July 2011 Critical Care Journal Club
Monday, July 25, 2011 at 9:45AM
Rick Robbins, M.D. in antibiotics, blood cultures, fluid bolus, guidelines, influenza vaccination, pneumococcal vaccination, pneumonia, septic shock, smoking cessation

Reference as : Raschke RA, Robbins RA. July 2011 Critical Club Journal Club. Southwest J Pulm Crit Care 2011;3:11-14. (Click here for PDF version)

Maitland K et al.  Mortality after fluid bolus in African children with severe infection.  N Engl J Med 2011;364:2483-95.  (Click here for PDF version)

I think this paper is potentially one of the most important we’ve reviewed in the past year.  Please carefully review it yourself – the following is just a brief summary, with some editorial comment. 
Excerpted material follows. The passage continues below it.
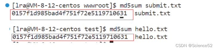 这是我们只需要通过md5sum来比较以下这两个文件是否相同即可:

The authors set out to prove a fundamental hypothesis – that a fluid bolus is beneficial for children with severe febrile illness with impaired perfusion.  Shockingly, (no pun intended), they found the reverse.  Fluid bolus therapy significantly increased mortality – with one excess death for every 30 children who received fluid bolus therapy.  How can this be?

The study took place in 6 (non-ICU) centers in sub-Saharan Africa.  Children up to age 12 were eligible upon presentation with a febrile illness and evidence of impaired perfusion (evidenced by severe tachycardia, weak radial pulse volume, cool extremities, or poor capillary refill), plus evidence of organ dysfunction (impaired consciousness or respiratory distress).  The main study group was randomized to receive either 20mL/kg 5% albumin bolus, 20mL/kg saline bolus, or no bolus.  Patients in the bolus therapy groups received additional boluses if perfusion did not improve.  All patients received otherwise equivalent care including antibiotics and maintenance IV fluids at 2.5-4 mL/kg/hr.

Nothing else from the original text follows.